Add ChannelSend trait to prep for lossy sender #4797

cpubot · 2025-02-04T23:29:31Z

Problem

Gossip service consistently sees bursts in the millions of packets over the 2 second stat submission window.

The service currently uses crossbeam_channel::unbounded channels to buffer packets, which as the name implies, will unboundedly allocate space for incoming packets. The channel receivers will ultimately drop packets outside the bounds of MAX_GOSSIP_TRAFFIC.

Summary of Changes

This PR introduces a trait, ChannelSend, which abstracts over a send side implementation of a channel. This lays the foundation for a follow up PR that will introduce a notion of a "lossy" channel sender. This implementation will wrap a crossbeam_channel::bounded channel with a sender that will drop messages as channel capacity is reached rather than continuing to buffer messages until the receiver side is drained.

This is introduced behind a trait bound due to the genericity of the streamer crate and the multi-purpose use of its receiver implementation. In particular, this will allow gossip to use the aforementioned bounded / lossy sender without requiring other components like repair and fetch stage to use this forthcoming implementation.

behzadnouri · 2025-02-05T01:51:05Z

The topic of bounded channels have been brought up multiple times before.

We prefer not to use bounded channels because they do not distinguish between good and bad packets, and drop (or back pressure) packets indiscriminately.

Gossip (or any other protocol) packets are not equal in terms of importance for the protocol or how much resources they need to process. Bounded channels are oblivious to that.

If we decide to drop packets we should also take into account stake associated with sender or receiver or CrdsValues. Again something bounded channels ignore.

Dropping packets indiscriminately also makes it easier for a spammer to censor good packets.

The preferred alternative is doing load shedding at a stage in the pipeline where we have better context how to prioritize packets and which ones to drop if overwhelmed.

This is all assuming the right thing to do here is to drop some packets. But I do not have enough context on what problem you are trying to solve, and I can't rule out the culprit or the remedy is something else.

cpubot · 2025-02-05T20:16:35Z

The topic of bounded channels have been brought up multiple times before.

We prefer not to use bounded channels because they do not distinguish between good and bad packets, and drop (or back pressure) packets indiscriminately.

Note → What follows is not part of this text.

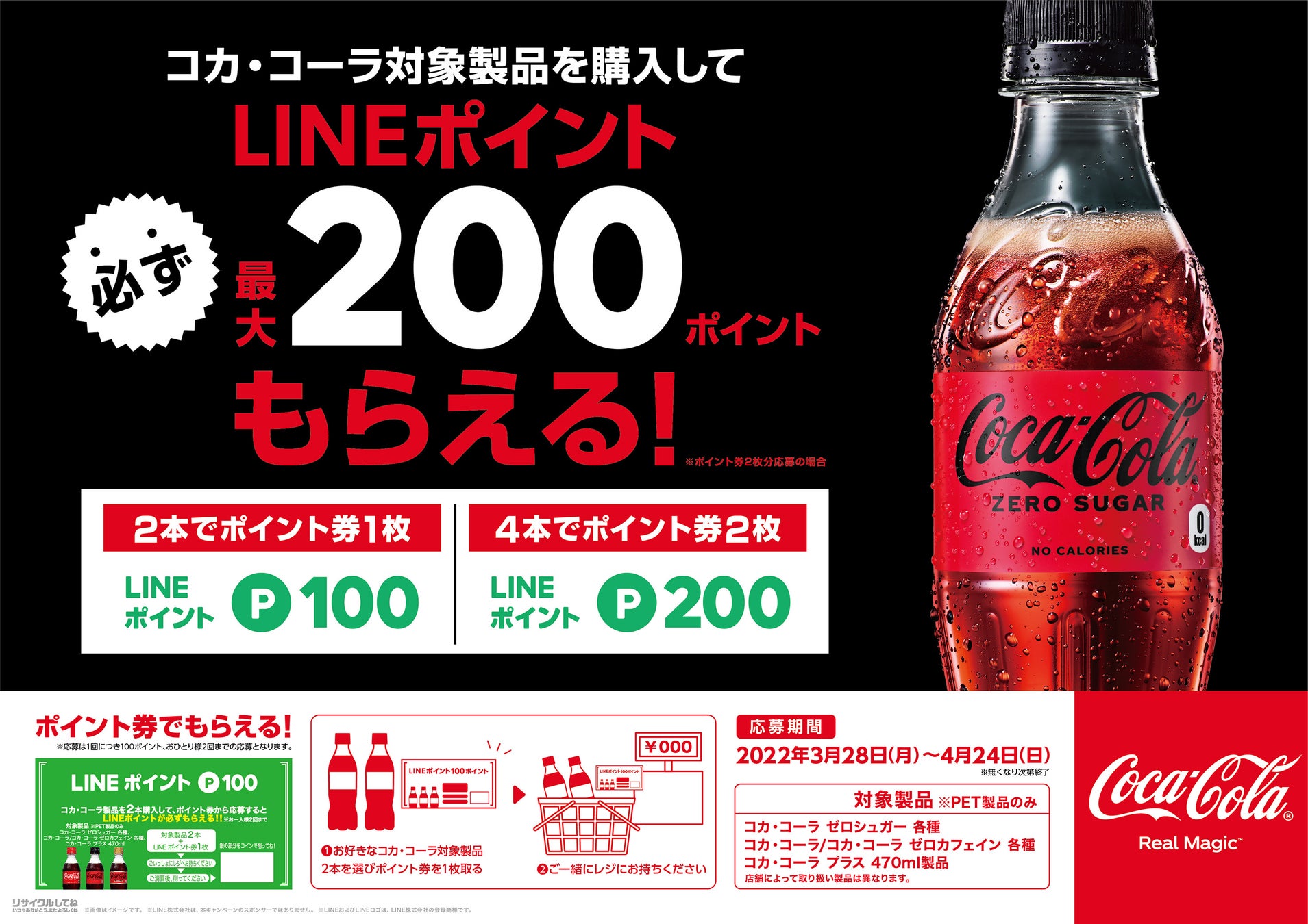 コカ・コーラを2本以上買って店頭に設置された「LINEポイント券」1枚をレジに持ち込むと、

Gossip (or any other protocol) packets are not equal in terms of importance for the protocol or how much resources they need to process. Bounded channels are oblivious to that.

If we decide to drop packets we should also take into account stake associated with sender or receiver or CrdsValues. Again something bounded channels ignore.

Dropping packets indiscriminately also makes it easier for a spammer to censor good packets.

The preferred alternative is doing load shedding at a stage in the pipeline where we have better context how to prioritize packets and which ones to drop if overwhelmed.

This is all assuming the right thing to do here is to drop some packets. But I do not have enough context on what problem you are trying to solve, and I can't rule out the culprit or the remedy is something else.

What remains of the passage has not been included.